Es könne "nichts Gutes herauskommen", warnt EU-Parlamentarier Reimon. Auch Vorarlbergs Landeschef Wallner ortet eine Entwicklung, "die man nicht mittragen kann".
Die Grünen fordern einen Tag nach der Veröffentlichung bisher geheimer Dokumente über das umstrittene Freihandelsabkommen TTIP den sofortigen Abbruch der Verhandlungen. "Schon die Verhandlungsziele sind falsch", sagte EU-Parlamentarier Michel Reimon am Dienstag. "Das Abkommen ist nicht zu retten, es kann für Europa nichts Gutes herauskommen", so Reimon. Aufgrund des Verhandlungsmandats der EU-Kommission, das von allen 28 EU-Staaten unterzeichnet worden sei, stehe fest, in welche Richtung TTIP gehen soll.
Laut Reimon wollen nicht nur die Amerikaner europäische Standards bei Lebensmitteln (Stichwort Chlorhühner) und Umweltschutz aufweichen. Auch die Europäer lobbyierten für das Aufbrechen strenger amerikanischer Standards etwa am US-Automarkt. "Die europäische Industrie versucht, die hohen amerikanischen Dieselnormen zu senken. Ist das tatsächlich im europäischen Interesse?"
Im Finanzmarktbereich hätten die USA nach der Pleite der Investmentbank Lehman Brothers harte Regulierungen durchgesetzt. "Europäische Banken und Versicherungen dürfen immer noch Produkte verkaufen, die in den USA seit 2008/09 verboten oder streng reguliert sind", so Reimon. Und auch zum streng regulierten Beschaffungsmarkt der US-Bundesstaaten ("buy local") wollten die europäischen Industriekonzerne Zugang.
Wallner fordert Veto der Bundesregierung
Vorarlbergs Landeshauptmann Markus Wallner (ÖVP) hat am Dienstag von der Bundesregierung gefordert, ein Veto gegen TTIP in der vorliegenden Form einzulegen. Die Themen Lebensmittelwirtschaft und Landwirtschaft müssten aus dem Abkommen herausgenommen werden, verlangte Wallner. "Wenn alle Stricke reißen, muss es eine Volksabstimmung geben", so der Regierungschef.
TTIP nehme eine Entwicklung, "die man nicht mittragen kann", sagte Wallner. Er kenne niemanden, der die "amerikanische Agrar-Industrie auf dem Tisch haben will". In Vorarlberg trete man für gesunde, regionale Produktion ein. Einem Senken der Standards in Umwelt und Landwirtschaft dürfe man keinesfalls zustimmen. Hinsichtlich der vorliegenden Fassung von TTIP könne man nur die Stopptaste drücken. Es gebe genügend Sicherungsmechanismen, um ein Inkrafttreten von TTIP zu verhindern. So sei unter anderem eine Ratifizierung durch Österreich notwendig.
Wallners Kärntner Amtskollege Peter Kaiser (SPÖ) nahm die Diskussion über TTIP zum Anlass, um auf CETA, das geplante Abkommen zwischen EU und Kanada, aufmerksam zu machen. „Im Gegensatz zu den diesbezüglich vergleichsweise in den Kinderschuhen steckenden Verhandlungen zu TTIP steht CETA kurz vor dem Abschluss. Damit droht CETA zum Trojanischen Pferd zu werden“, hielt Kaiser in einer Aussendung fest. Es dürfe nicht ohne genaueste Prüfung und Sicherung sämtlicher hoher Standards unterschrieben werden.

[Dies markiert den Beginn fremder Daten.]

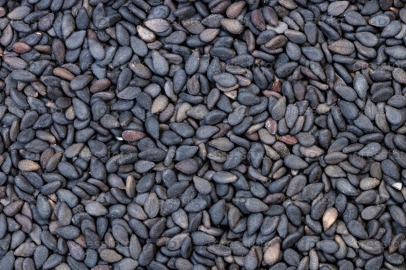 Фон - много семян черного кунжута
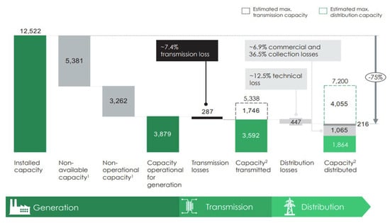 The present total installed capacity of the GENCOs is around 12.5 GW, out of which 5.4 GW is inaccessible and 3.3 GW is nonfunctional, leaving only around 3.9 GW of electricity for the GENCOs to functionally produce and dispatch to the TRACO; 0.3 GW is lost while transmitting to the DISCOs, leaving around 3.6 GW for the DISCOs to distribute to the final consumers; 0.5 GW is lost during distribution so only about 3.1 GW is distributed to the final consumers [6,7]. Figure 1 shows the Nigeria Power Sector energy flow in megawatts (MW). Nigeria’s daily electricity need is approximately 8 GW to 17 GW, although estimating Nigerians’ electricity need is complicated by the passive demand from unavailable electricity [1]. Given that the Nigerian population is over 200 million people [8] and the rule-of-thumb estimates of 1 GW per 1 million people [7], Nigeria will supply the electricity needed to support full industrialization only once the country can produce up to 200 GW of electricity. According to the World Bank, Nigeria’s electricity consumption stands at 144.52 kWh per capita, compared with over 5500 kWh per capita in European countries [9].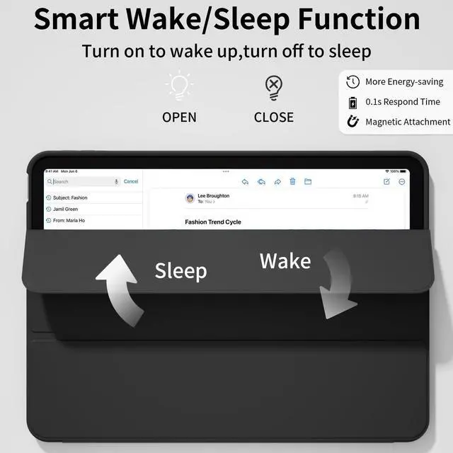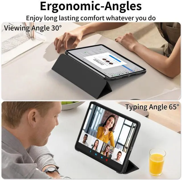 Tri-fold Stand: The magnetic tri-fold cover can be easily folded into a stable stand, supporting 30 or 65 and horizontal and vertical positions, ensuring a comfortable angle for watching your favorite shows or taking notes with Pencil. Avoid joint pain, free your hands, and enjoy other ente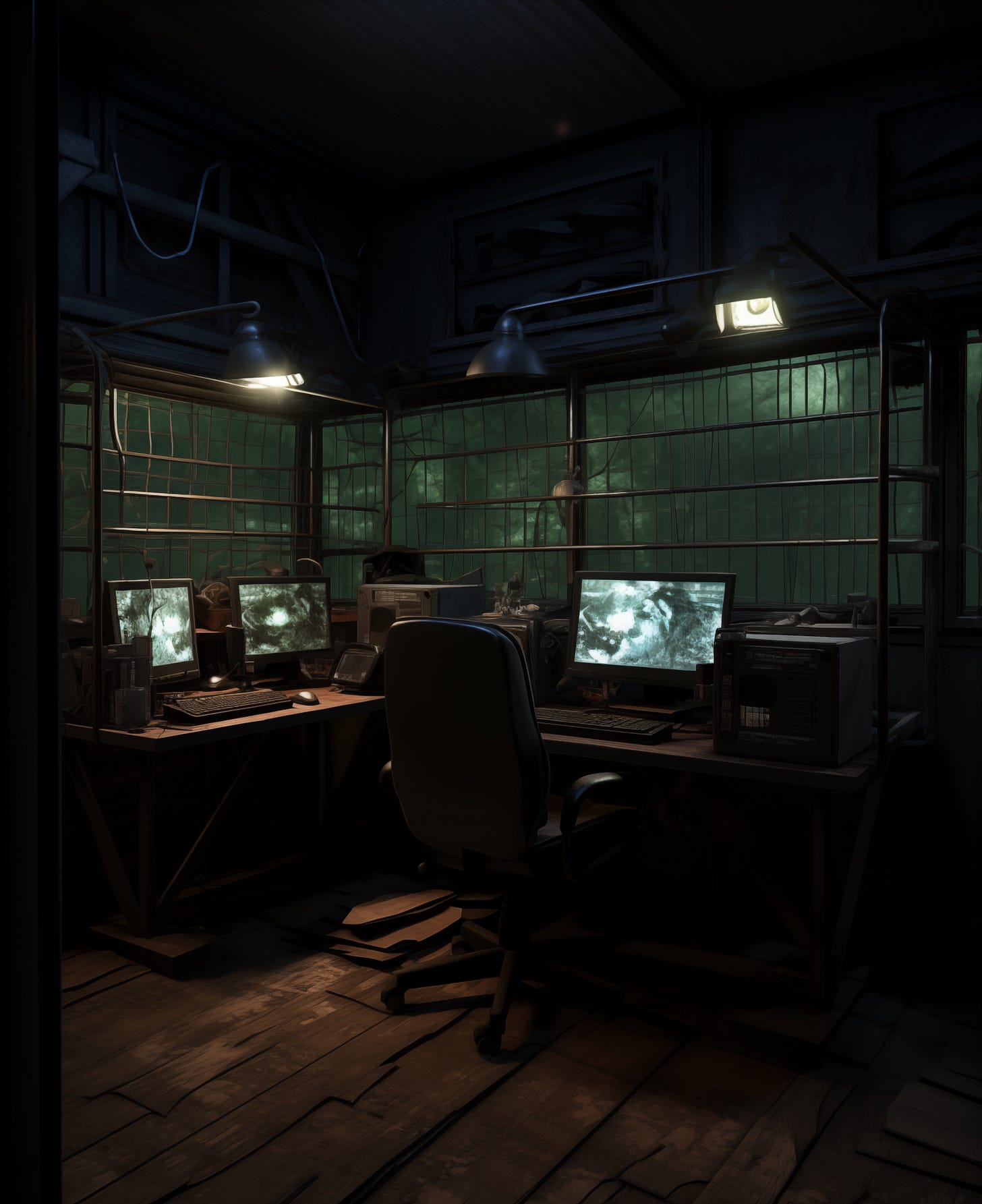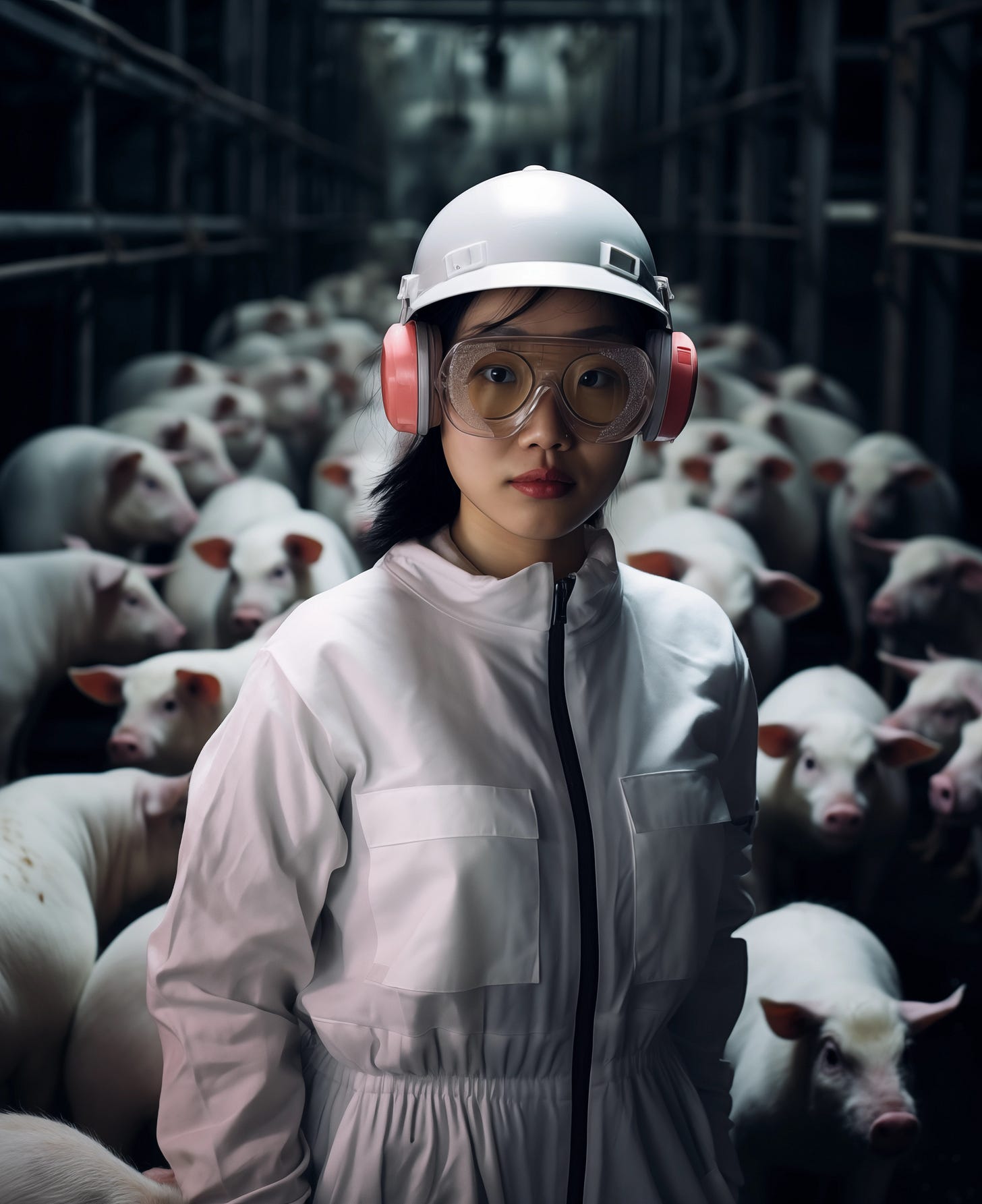 I manage 5,000 pigs on floor 55. The 32 floors above me house the fermented pork protein production floors where Jie works. Despite the size of my floor, I am the only technician on 55, just like all the other floors. I rarely need to walk on the production floor and spend most of my shift inside a clean control room in the center of the floor. My dimly lit control room space is four by 4 meters large with a small restroom and countertop with a microwave oven and hot water kettle. The control console and screens run along the edge of the room with large shatterproof windows where I can look out onto the floor without getting up from my chair.
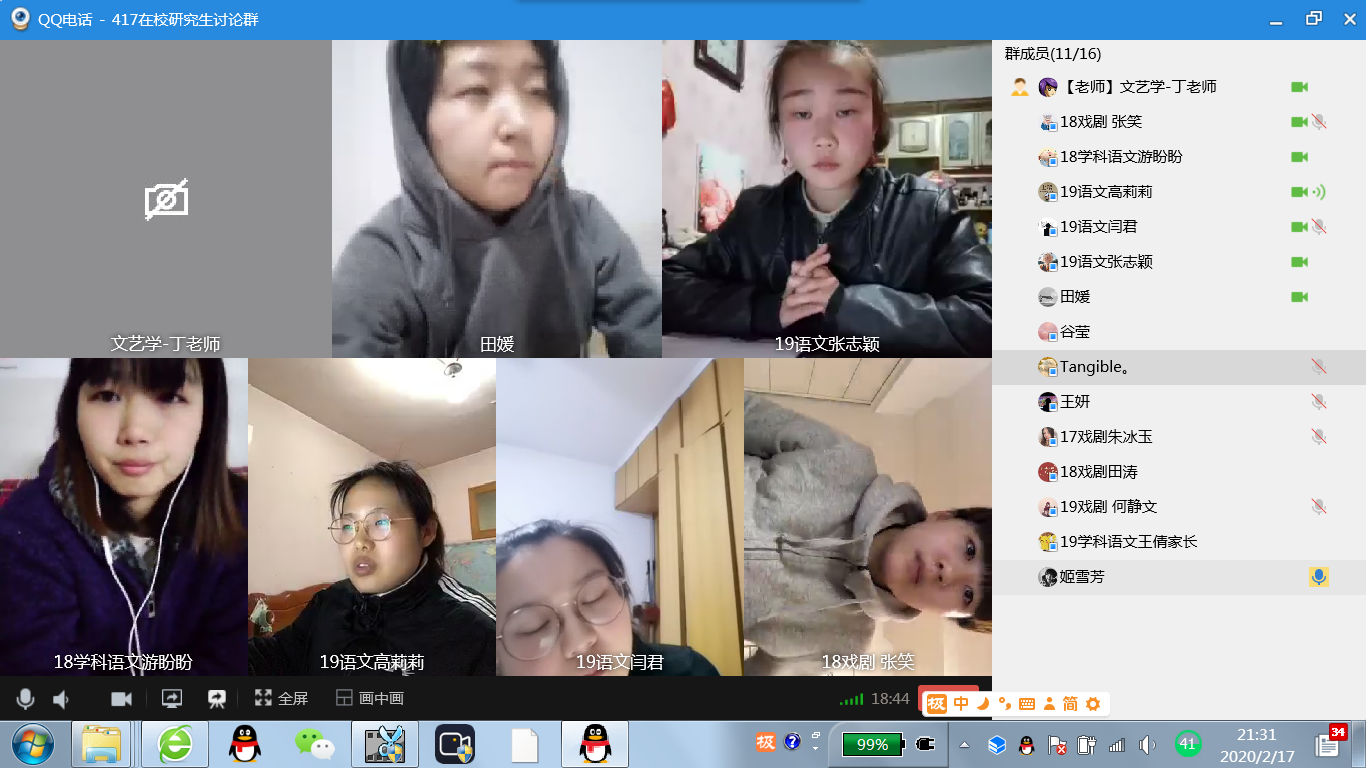不过,视频也存在一些问题,如有的同学网络不好,时常掉线,受QQ视频限制,只有部分同学有头像,其他人只有音频。不过这也没有影响交流。

Neos: Regierungsproteste "reiner Populismus"
Wenn TTIP noch scheitert, dann liege das nicht am Inhalt, sondern an der Vorgehensweise der EU, sagte hingegen der Neos-Abgeordnete Michael Pock im ORF-Morgenjournal. Denn man könne nicht 28 nationale Parlamente über das Abkommen abstimmen lassen, ohne sie vorher einzubinden, und auch die EU-Bevölkerung hätte informiert werden müssen.
Auch für ihn als Parlamentarier sei das Abkommen schwer zu beurteilen, da er selber nach langer Anmeldefrist nur ein Stunde Lesezeit gewährt bekomme. Dennoch seien die jetzt von Greenpeace an die Öffentlichkeit gebrachten Inhalte "nicht zur Gänze neu". Die aktuellen Proteste österreichischer Regierungsmitglieder stuft Pock daher als "reinen Populismus" ein, denn weder Umweltminister Andrä Rupprechter noch Wirtschaftsminister Reinhold Mitterlehner (beide ÖVP) hätten sich bisher mit den Fraktionen über TTIP beraten. Auch die Ankündigungen der Präsidentschaftskandidaten, den Vertrag nicht zu unterzeichnen, sieht er nur als Wahlkampfgetöse.